"The Bolsheviks, not in Paris!" one of the outgoing mayor Jean Tiberi's stalwarts was heard to cry out late on Sunday evening.
"We're under house arrest," shouted another inside the neo-Renaissance Hotel de Ville. On the square outside, supporters of the new mayor, the socialist Bertrand Delanoe were gathering for their victory celebration. Many in the crowd were gay, like their hero, Mr Delanoe. Some climbed ornamental lamp-posts while the stage was being set up. "We want the keys! We want the keys!" they shouted.
Back at his campaign headquarters in the rue des JugesConsuls, Monsieur Delanoe chainsmoked cigarillos. "Paris is liberated!" the campaign staff chanted as they launched into an improvised triumphal march.
"No!" shouted Mr Delanoe, who wants to be the non-partisan mayor of all Parisians. "Especially not that!"
Mr Delanoe may be the first left-winger to govern Paris since the 1871 commune, but socialism died with the USSR. He was taking City Hall, not the Bastille.
The verb "taking" is not even appropriate; the left did not so much win Paris as the right lost it by carrying out the most catastrophic, fratricidal campaign ever. Mr Delanoe is far from a rabble-rouser; indeed, Le Monde revealed after his election, his old friend from the 18th arrondissement Daniel Vaillant - now the Interior Minister - bused in socialist supporters from the Seine-andMarne and Somme regions to fill the Mutualite auditorium for Mr Delanoe's campaign rallies. That at least was redolent of oldtime socialism.
Looking at the map of election results on Monday morning, you might be forgiven for thinking that the Berlin Wall had been reconstructed in the French capital. The dividing line between the right-wing west and left-wing east begins at the train tracks leading to the Gare Saint Lazare in the north, runs down along the border between the eighth and ninth arrondissements, takes in the second, third and fourth for the left, then crosses the Seine with the predominantly Asian 13th and solid middle class 14th also with the left. The western rightwing region of the beaux quartiers is geographically contiguous, with a finger composed of the 1st, 6th and 5th districts protruding into the far bigger "red" zone making up the eastern three-fifths of Paris.
In the last election six years ago, the left won only six of 20 arrondissements; today it holds 12. The political earthquake in Paris has made for some colourful scenes.

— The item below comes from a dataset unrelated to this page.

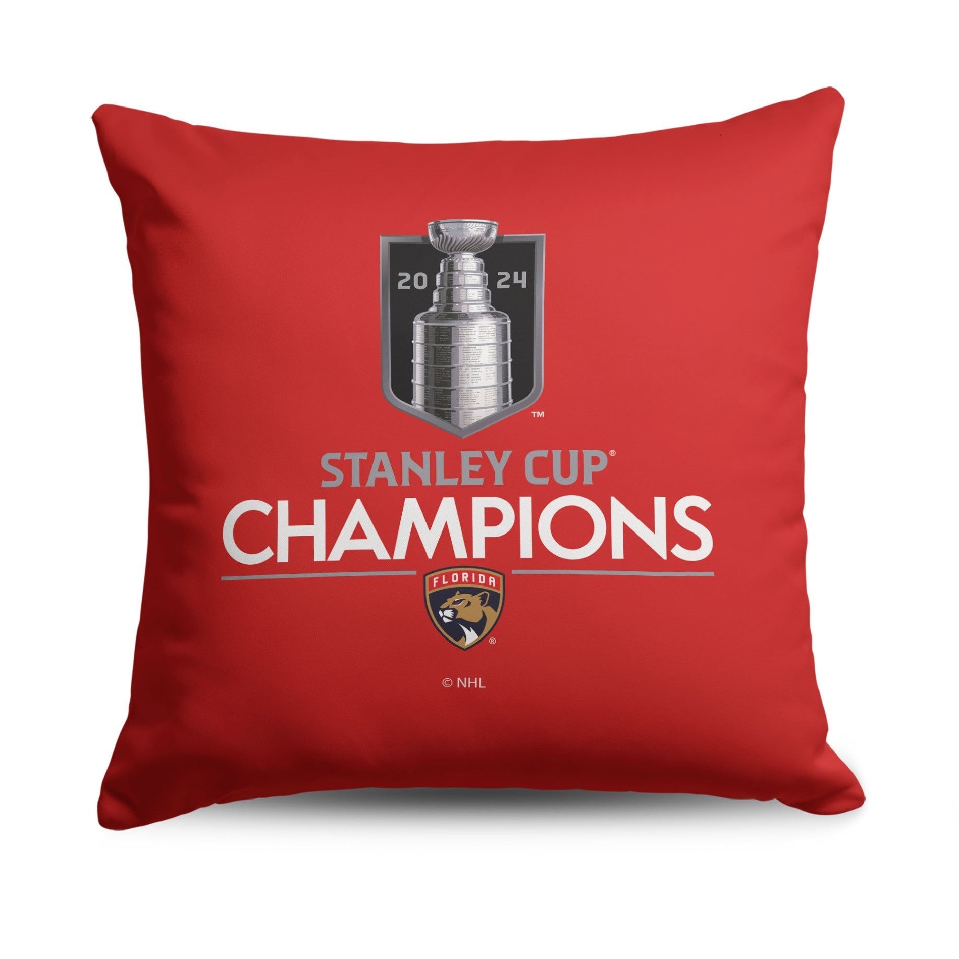 Celebrate your team's epic victory with the 2024 NHL Stanley Cup Champions "Real Deal" Printed Throw Pillow. One side proudly displays your team's logo, while the other showcases the iconic Stanley Cup logo alongside your team's emblem. Both sides are adorned in bold team colors, making it a striking addition to any space. Whether you're decorating your living room, bedroom, or fan cave, its vibrant design will stand out. The high-quality print ensures the colors remain vivid, capturing the thrill of the championship win every time you see it. Perfect for lounging on the couch or adding a cozy touch to your bed, it offers soft support and a reminder of your team's glorious season.

Because of the alliance between socialists and Greens, the mayor of the tiny second arrondissment - home of the Paris Bourse and the Banque de France - is Jacques Boutault, a young, hirsute green politician without a tie. In the 12th arrondissement, taken from the centre-right UDF, the winning socialists hired a Mexican band that played La Cucaracha, La Marseillaise and L'Internationale at their victory celebration.
The grands bourgeois holed up in the gilded ghettos of the 16th and 7th must have cringed to hear their new mayor explaining on French television on Monday night what he would do with the city.

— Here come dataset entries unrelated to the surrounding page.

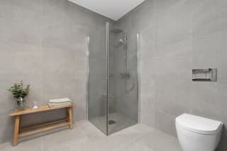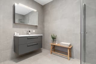 - Bad leveres ferdig flislagt med 60x60 cm flis fra Modena på vegger og gulv. Det kan fritt velges mellom 5 fargevarianter som inngår i flisserien. Dusjhjørne/-dør med profiler i krom og klart glass, mosaikkflis på gulv.
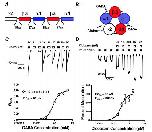 SI 1. (A) RNA gel of concatenated receptor showing single RNA band at the expected size of ~7.5 kb. (B) Western blot with uninjected oocytes, oocytes injected with loose subunits or the concatenated construct. Concatenated receptor is translated at the expected size without any additional fragments. |
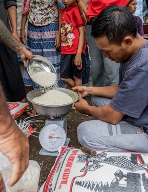 Es hat mich sehr beeindruckt, wie diszipliniert die Leute ohne Gedränge die Nahrungsmittel entgegennahmen. Es wurde alles gerecht verteilt, sogar der Reis wurde genau abgemessen…
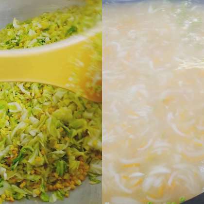 「キャベツとコーンのソテー」は、キャベツとコーンを綿実油でいため、塩、こしょうで味つけしています。

Mr Delanoe may not be a revolutionary, but there are echoes of ideology in his plans to set up "neighbourhood councils" and "houses of economic development and employment" with city funding.
"Thematic associative fora" are to hand out city-owned apartments and place children in overcrowded daycare centres - doubtless much fairer than the Gaullists' habit of housing their friends and relatives in luxurious, low-rent buildings.
But that scene in Dr Zhivago came to mind. Yuri enters the front door to find a harridan commissar telling him that seven families now live in his house, that his wife, child and father-in-law have been allowed to keep one room. "You are right," Yuri tells her. "This is a much better arrangement."
The Parisians who voted for Mr Delanoe are - we are told with irritating frequency - "bobos" or "bourgeois bohemians", not "prolos". The bobos have university degrees, work hard and care about the environment. Like Mr Delanoe, who stood in the arty, racially-mixed and inexpensive 18th arrondissement, they have a patina of left-wing sympathy. But what they'd really like is to live where Mr Delanoe lives, in the prohibitively expensive, rightwing neighbourhood of St-Germain-desPres.